The escaped dot (\\.) represents the literal separator between the database name and table name.

The pattern above matches all tables in the test database whose names begin with:

test_

This approach is especially useful for large-scale database synchronization projects.

Table-Level Custom Configuration

Additional table-specific settings can also be defined.

For example:

table-names-config = [
  {
    "table":"test.test_002",
    "primaryKeys":["id"]
  }
]

Suppose test_002 does not have a physical primary key.

In that case, a logical primary key can be specified manually to support synchronization and downstream processing.

Startup Mode

One of the most important options is:

startup.mode = "initial"

This is also the most common production configuration.

The initial mode performs:

Historical full synchronization
Continuous CDC synchronization

In other words:

Full Load + Incremental CDC

This approach is widely used when onboarding existing databases into real-time synchronization pipelines.

Snapshot Configuration

The following options control snapshot processing:

snapshot.split.size = "8096"
snapshot.fetch.size = "1024"

The default values work well in most cases.

For larger clusters or more powerful servers, these values can be adjusted to improve throughput.

Server ID Configuration

Another critical parameter is:

server-id = "6500-8500"

When SeaTunnel consumes MySQL binlogs, it behaves like a MySQL replica node.

MySQL replication requires every replica to have a unique server-id.

If not specified, a default value will be used.

However, the official recommendation is to configure a dedicated server-id range.

An important requirement is:

The server-id range must be larger than the configured parallelism; otherwise, synchronization tasks may fail during startup.

Connection Settings

The following parameters control connectivity:

connect.timeout.ms = 30000
connect.max-retries = 3
connection.pool.size = 20

For large datasets or slower networks, increasing timeout values may be beneficial.

Similarly, connection pool size can be increased for high-throughput synchronization workloads.

Exactly-Once Semantics

exactly_once = false

For most CDC analytics scenarios, strict transactional consistency is not required.

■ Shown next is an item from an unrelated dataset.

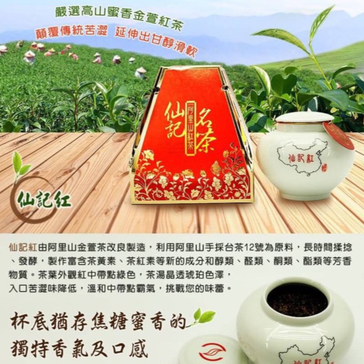 仙記名茶-小葉種金萱紅茶 茶葉禮盒 (通過產銷履歷驗證 珠露產銷班班員 來自阿里山石棹茶區的高山茶 附贈精美禮盒)150g/甕Tea & Tea Bags『仙記名茶』阿里山茶葉專賣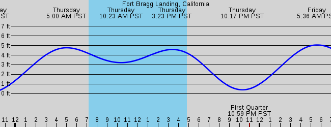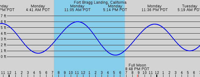 Tide chart fort bragg ca. Sun rise tomorrow is 730 AM. High tide 1227am 541ft low tide 519am 246ft high tide 1127am 700ft low tide 615pm -086ft Thursday February 3 2022. Last Spring High Tide at Fort Bragg Landing was on Sun 19 Dec height.

Therefore, disabling Exactly-Once semantics is often recommended because it can significantly improve synchronization performance.

If strong consistency guarantees are required by the business, this option can be enabled.

However, enabling Exactly-Once generally introduces additional overhead and may reduce throughput.

Schema Evolution

Another highly recommended feature is:

schema-changes.enabled = true

Schema Evolution allows SeaTunnel to automatically adapt to changes in source table structures.

For example:

Add Column
Drop Column
Rename Column
Modify Column

This reduces the need to manually modify synchronization jobs whenever schema changes occur.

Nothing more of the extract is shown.